E.g. If user input is "Foord Motur Holding" and it's being matched against "The Ford Motor Holdings Company" then first token "Foord" will match "Ford" based on Soundex match, second token "Motur" will match "Motor" based on Edit Distance Algo and and last token "Holding" will match "Holdings" via Begins match.
Scoring:
Every token match is first scored on a scale that rates the matching technique, with Exact match being the best and Soundex being the worst.
The overall score is calculated, on a scale of 0-100%, by calculating a weighted average of individual token-match scores. Weights are assigned based on index-order of token i.e. the first token has highest weight and last token has lowest.
My Partial Solution
I have implemented a simple schema in solr to store referance company names. A String field (called companyName), a simple text field (called as companyText) copied from string and another text field (called as companySoundex) copied from string and using PhoneticFilterFactory for Refined Soundex based matching.
I have been able to replicate step 1) in a single solr query.
For step 2) I plan to fire 3 parallel queries to solr server. First query performing a simple text search on companyText field, second query performing fuzzy match using ~ operator on companyText field and third query performing soundex match on companySoundex field. I plan to somehow combine the results from these 3 parallel queries to get desired final result.
Questions:
1) Is there a better way to replicate Step 2) of original algorithm?
2) Even if I go with my "three-parallel-queries" approach then how to get the "right" sorting order as I get in the original algorithm ?
I guess the main problem is how to compare the solr scores from these 3 entirely different queries to do the final combining of results
Thanks for reading this long question. Any help/pointers would be greatly appreciated.

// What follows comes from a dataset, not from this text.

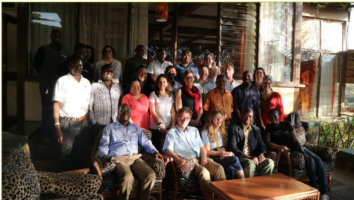
‘Governance, Equity and the Green List’ workshop participants on days 1 and 2

Look at the DisMax query parser. http://wiki.apache.org/solr/DisMaxRequestHandler
For each separate query, you'll actually build up separate fields in the index for matching. Then use DisMax to combine the queries in a weighted fashion.
I suggest giving up on your 3 parallel queries approach now. Last time I looked into this it was impossible to relate scores from 2 separate queries. It just doesn't work. If you want a single set of results sorted by score, you have to figure out how to do this in a single query.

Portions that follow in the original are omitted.